我正在使用 htmlunit 开发一个网络爬虫,我已经添加了所有必需的超时,但是我注意到当我使用 Java VisualVM 进行线程转储时,当某个网站的服务器被爬网时应用程序挂起:
java.lang.Thread.State: RUNNABLE
at java.net.SocketInputStream.socketRead0(Native Method)
at java.net.SocketInputStream.read(SocketInputStream.java:129)
at java.net.SocksSocketImpl.readSocksReply(SocksSocketImpl.java:88)
at java.net.SocksSocketImpl.connect(SocksSocketImpl.java:429)
at java.net.Socket.connect(Socket.java:525)
at com.gargoylesoftware.htmlunit.SocksSocketFactory.connectSocket(SocksSocketFactory.java:89)
at org.apache.http.impl.conn.DefaultClientConnectionOperator.openConnection(DefaultClientConnectionOperator.java:148)
at org.apache.http.impl.conn.AbstractPoolEntry.open(AbstractPoolEntry.java:149)
at org.apache.http.impl.conn.AbstractPooledConnAdapter.open(AbstractPooledConnAdapter.java:121)
at org.apache.http.impl.client.DefaultRequestDirector.tryConnect(DefaultRequestDirector.java:573)
at org.apache.http.impl.client.DefaultRequestDirector.execute(DefaultRequestDirector.java:425)
at org.apache.http.impl.client.AbstractHttpClient.execute(AbstractHttpClient.java:820)

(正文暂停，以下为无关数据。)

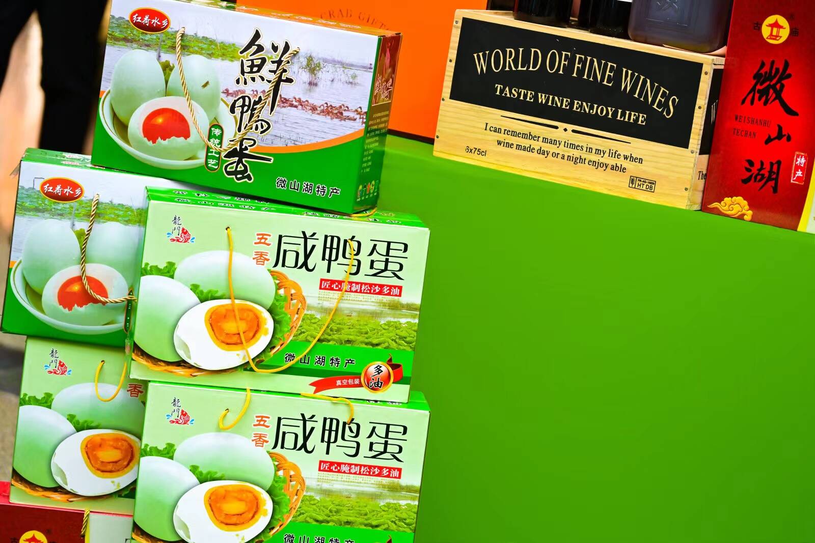 现场展陈以金秋露营为主题,配备时尚手举牌供游客拍照打卡,12个展销台分列两侧,各乡镇及北洞山汉墓的推介官带着各自的特色美食、非遗产品、乡土产品、文创手作等游购好物现场推荐,琳琅满目的商品吸引了众多游客与市民驻足品尝、体验、购买。
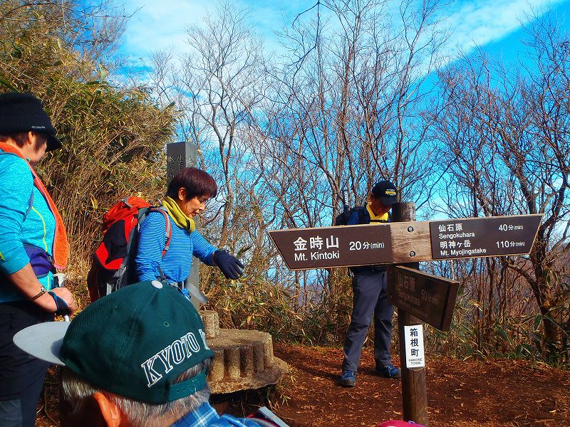 小田原9:05発バス→宮城野営業所 (乗換え)→金時山登山口10:40—-登山口10:50—–うぐいす茶屋—-金時神社分岐—-金時山12:20(昼食)——-金時登山口14:18→宮城野営業所→小田原

at org.apache.http.impl.client.AbstractHttpClient.execute(AbstractHttpClient.java:776)
at com.gargoylesoftware.htmlunit.HttpWebConnection.getResponse(HttpWebConnection.java:152)

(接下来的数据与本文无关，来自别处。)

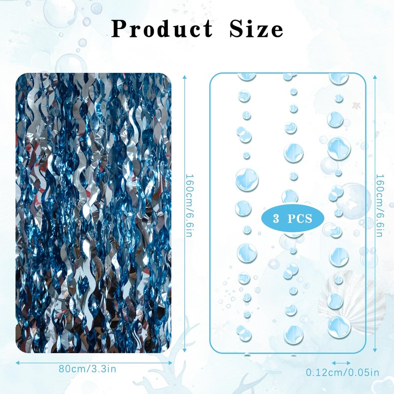 - Products include: 1 * 3.3 x 6.6 feet flashing ocean blue wave tinsel foil curtain, 3 * transparent bubble garlands.

at app.plugin.core.net.QHttpWebConnection.getResponse(QHttpWebConnection.java:30)
at com.gargoylesoftware.htmlunit.WebClient.loadWebResponseFromWebConnection(WebClient.java:1439)

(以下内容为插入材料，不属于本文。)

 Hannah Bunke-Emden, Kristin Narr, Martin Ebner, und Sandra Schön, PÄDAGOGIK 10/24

at com.gargoylesoftware.htmlunit.WebClient.loadWebResponse(WebClient.java:1358)
at com.gargoylesoftware.htmlunit.WebClient.getPage(WebClient.java:307)
at com.gargoylesoftware.htmlunit.WebClient.getPage(WebClient.java:373)
at com.gargoylesoftware.htmlunit.WebClient.getPage(WebClient.java:358)
这真的很令人沮丧,因为我无法控制这些服务器。这个问题严重影响了我的应用程序的性能。
问题:
- 我该如何解决这个问题?
- 有没有办法获取Java应用程序打开的套接字连接列表并使用它来终止套接字,例如模拟服务器关闭连接?